03:45mhenning[d]: although we'd ideally have a model of the functional units and instruction throughputs in order to do so
04:08mangodev[d]: gfxstrand[d]: i'm appreciative of what's working
04:08mangodev[d]: the fact that most of this works *at all* is insane, even despite the sync issues
04:08mangodev[d]: love the work, i admire it ❤️
04:10mangodev[d]: although that (presumably nouveau??) cursor bug has been driving me insane and i wanna find why it acts like how it does
04:10mangodev[d]: …but the thing that drives me more insane than the cursor shaking maniacally is navigating old nouveau source code
11:01karolherbst[d]: ahh `LOAD_ROOT_TABLE` which is 3D only...
11:02karolherbst[d]: ohhh
11:02karolherbst[d]: I see
11:02karolherbst[d]: okay
11:02karolherbst[d]: I know what it is
11:02karolherbst[d]: gfxstrand[d]: tldr: there are 32 constant memory banks
11:03karolherbst[d]: some of them are root-constants
11:09carlorados: So according to logs which i never touched was as to how to get inverse index such as 512-115=397 for dependent inst. on one barrel, since everything else was base magic, aka what is the barrel for index elimination. so 230+512=742-371=371 where 115+512-371=256 you get 115 out from this transaction, so when putting all indexes of dependent inst combined out of two such, the stuff repeats
11:09carlorados: that base is the main controller of that tweak too. But what was 371? and how we can remove those? it was indeed single base+indexes in the intermediate routine set. In other words all indexes+bases can be removed from that IR to get the 397 inverse index of any dependent instruction upto certain point too. not more complex is the routine of getting all of those in reindexeable format, where
11:09carlorados: you put 345 to the hash aka 3*115 in such case one pair is also left behind.

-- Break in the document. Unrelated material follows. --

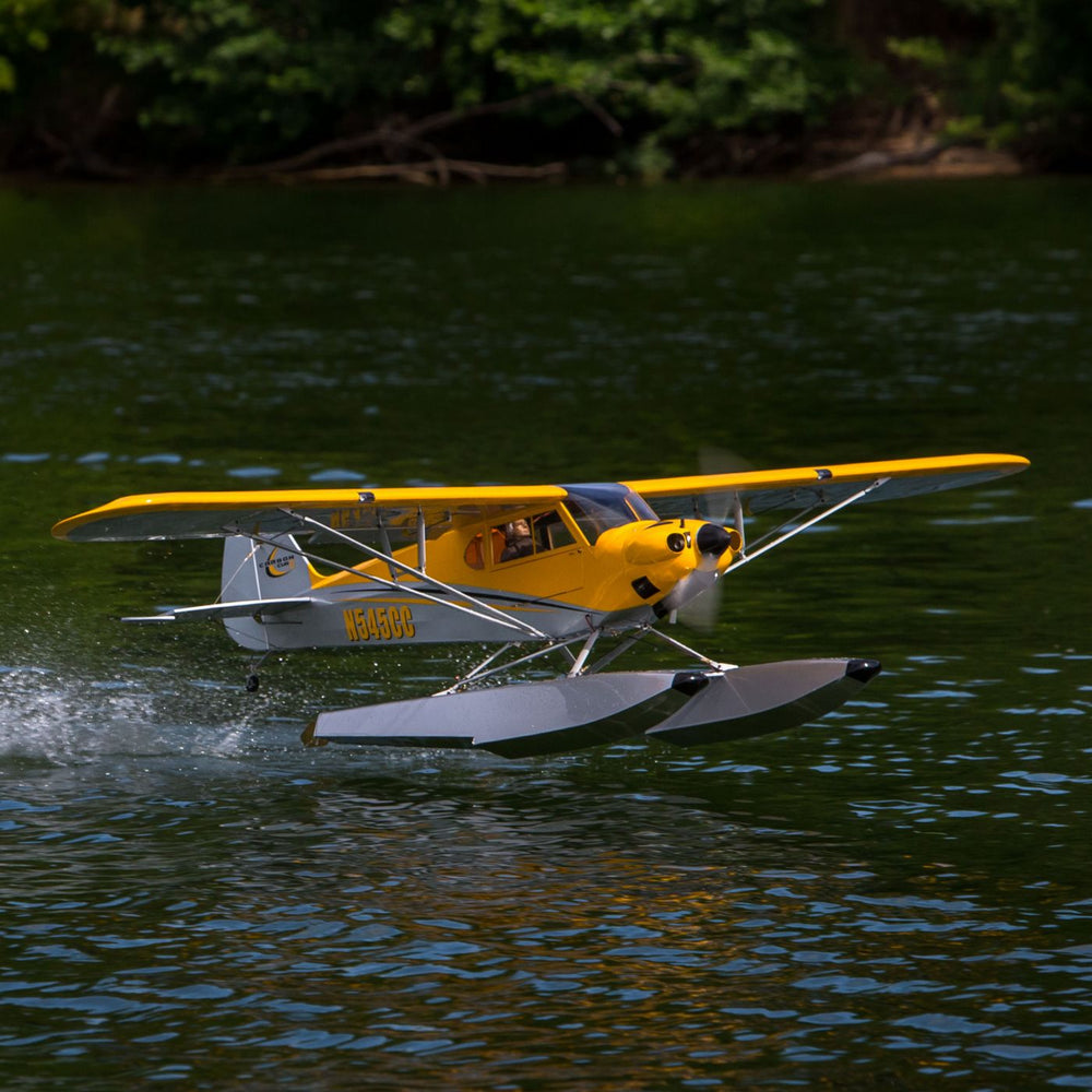 The Hangar 9® Carbon Cub 15cc ARF brings the heritage and versatility of the full-scale airplane to life with a modern all-wood model that combines classic looks with a higher performance spirit. Featuring a 90-inch wingspan, this large model delivers the experience of giant scale, yet is practical enough to fly every day. The two-piece wing allows for convenient transportation and the quick-connect struts make assembly simple. Scale detail like cockpit doors, interior features, landing lights and a scale spinner mean that this Carbon Cub model will easily turn heads at the field. A light wing loading plus functional flaps help you perform impressive short takeoff and landings. Like the full-size, shock-absorbing landing gear take most of the bounce out of grass strips. With the optional 1/5-scale float set (sold separately), you can enjoy the same adventure-driven performance at the local lake.

13:22gfxstrand[d]: karolherbst[d]: Yes but the root constant ones are tiny and way fast.
13:22karolherbst[d]: ahh
13:22karolherbst[d]: anyway, it's 3D only ~~so I don't care about them :P~~
13:22karolherbst[d]: but I don't think they are hard to wire up
13:22karolherbst[d]: nothing special in the shader really
13:23karolherbst[d]: they seem to be used for d3d stuff
13:24karolherbst[d]: I think they are direct only tho
13:24karolherbst[d]: like no indirect accesses to them
13:26karolherbst[d]: `SET_PIPELINE_BINDING`
13:26karolherbst[d]: `BIND_GROUP_CONSTANT_BUFFER`
13:26karolherbst[d]: `ROOT_TABLE_VISIBILITY`
13:26karolherbst[d]: `SET_ROOT_TABLE_SELECTOR` and `LOAD_ROOT_TABLE` are all relevant I thik
13:28gfxstrand[d]: Yeah
13:29karolherbst[d]: might be fun to use them for push constants at index 31 and see if somebody gets them working
13:31gfxstrand[d]: Indirects is an interesting question because it affects what we can put in them.
13:32gfxstrand[d]: But the Nvidia folks made it sound like they were using one for push data and you can definitely indirect that.

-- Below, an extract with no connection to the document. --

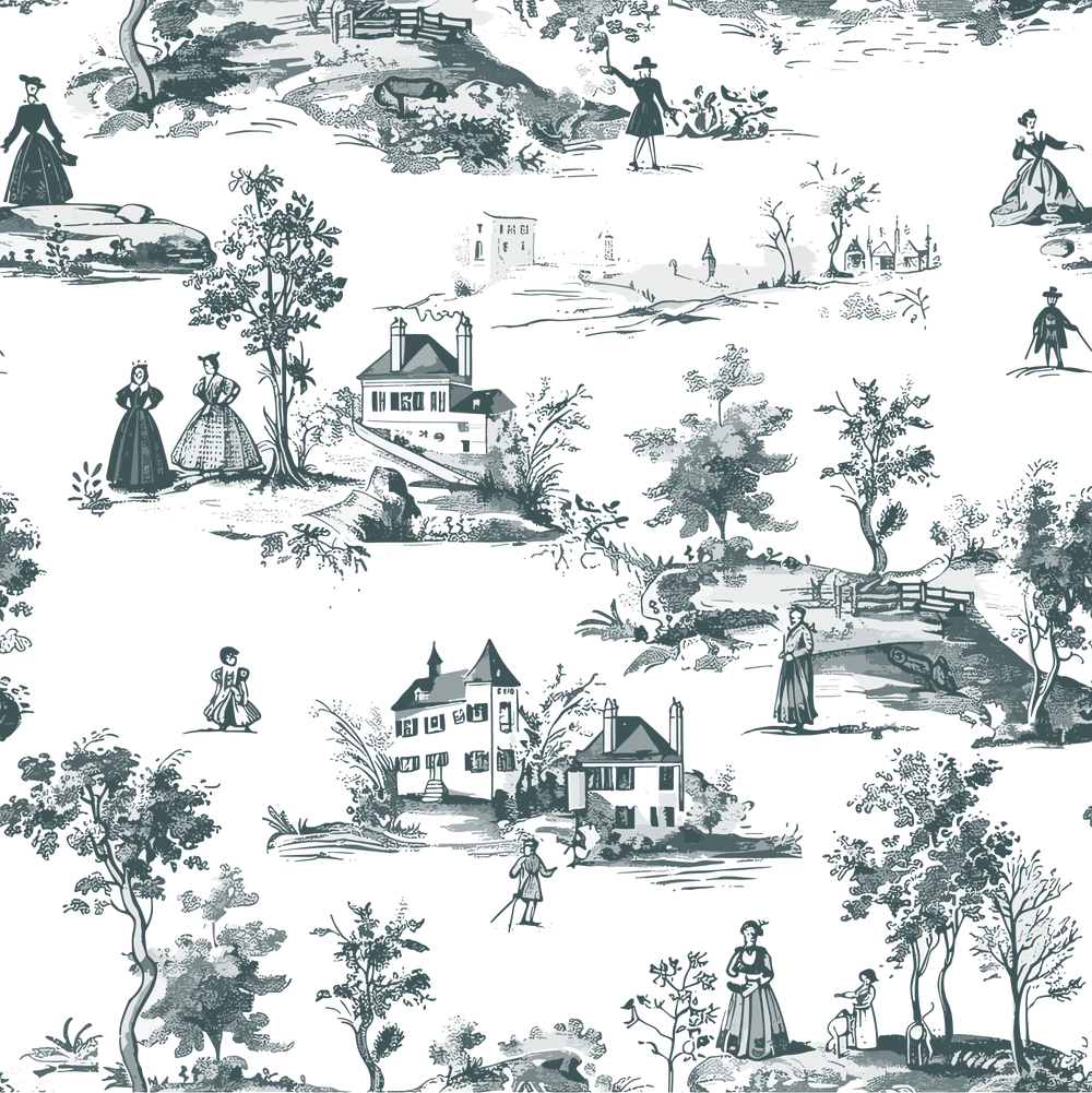 The “Camille” wallpaper brings a nostalgic glimpse of the French countryside with its vintage toile design, featuring scenes of colonial-style houses, gardens, and Victorian women and children. The delicate emerald green etchings on a soft cream background showcase quaint cottages, lush trees, and charming pastoral landscapes. This elegant, timeless pattern evokes a sense of history and sophistication, making it perfect for those seeking to create a classic, countryside-inspired space with French vintage charm.

13:32karolherbst[d]: ohh, I mean indirect on the index
13:33karolherbst[d]: not the offset
13:33gfxstrand[d]: Right
13:34karolherbst[d]: but I base this on a d3d partial bindless image thing where for root buffers it's a constant
13:34gfxstrand[d]: In any case, I think they're way faster for partial updates and stall less than binding regular constant buffers.

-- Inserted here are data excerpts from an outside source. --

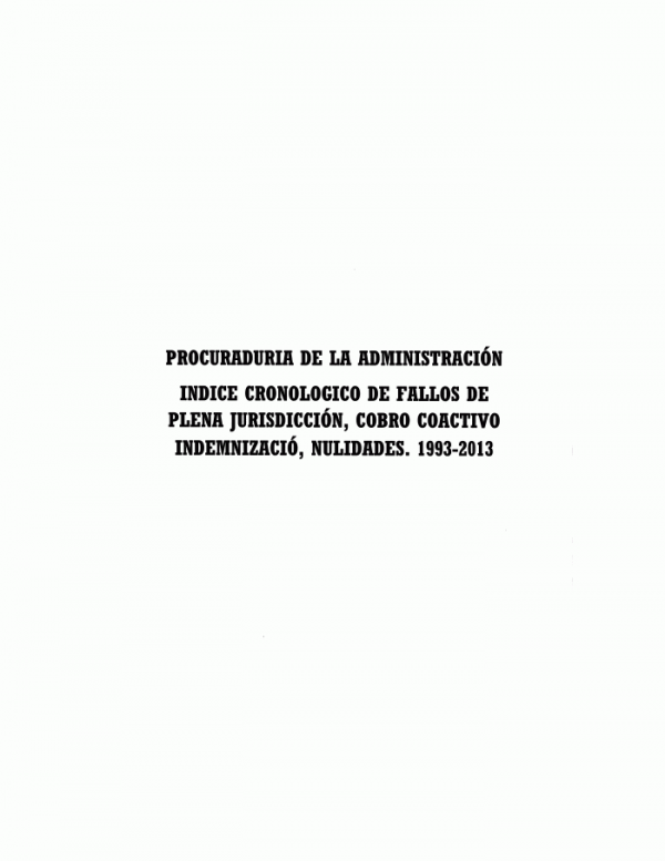 Índice Cronológico de los Fallos de Plena Jurisdicción, Cobro Coactivo, Indemnización, Nulidades y Fallos Varios 1993-2013/ Procuraduría de la Administración.
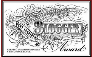 The rule was fifteen – FIFTEEN – blogs, but I have amended it to include blogs I am currently loving, and that I find inspiring.  After all, it is the Very Inspiring Blogger award!
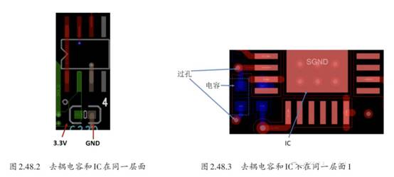 (4)保證去耦環路盡量小。去耦電容常見的擺放示例如圖2.48.2~圖2.48.4所示。圖2.48.2~圖2.48.4所示是SOP封裝的IC 去耦電容的擺放方式,QFP等封裝的與此類似。

13:34karolherbst[d]: right
13:35karolherbst[d]: I'll play around with the qmd stuff later today tho.. getting rid of all the memcpys in a trivial compute dispatch should also help a bit 😄 maybe I look into constant buffer uploads next then
13:35gfxstrand[d]: So for stuff like base vertex and friends, we really want to be using them.
13:36karolherbst[d]: right..
13:37karolherbst[d]: it kinda sounds like you can slot them and switch between groups between drawws
13:37karolherbst[d]: without having to change the shader
13:37gfxstrand[d]: IDK how useful that is
13:37karolherbst[d]: and without having to reupload new buffers
13:38gfxstrand[d]: We never upload new buffers for root constants. Haven't in a while. We do entirely inline updates.
13:38karolherbst[d]: like even for compute we upload the qmd every dispatch which isn't great
13:38karolherbst[d]: and I suspect similar happens for 3d
13:39karolherbst[d]: ohh, maybe it's just compute that sucks then
13:39karolherbst[d]: I meant the root desc thing tho
13:39karolherbst[d]: +qmd
13:40gfxstrand[d]: Compute is annoying because it's really focused on these in-memory structures which point to other in-memory structures. It's great for parallelism inside the GPU but it kinda sucks for us to have to manage.
13:41gfxstrand[d]: 3D is much more focused on blasting everything in through the command streamer.
13:41karolherbst[d]: I see
13:41karolherbst[d]: well.. nuking the memcpies for compute first then and see how well it goes...
13:41karolherbst[d]: not really sure I have a great plan so far
13:42gfxstrand[d]: Compute doesn't have inline constant buffer updates, for instance. It has QMD DMAs but I doubt those do anything special besides pre-populate the SKED cache.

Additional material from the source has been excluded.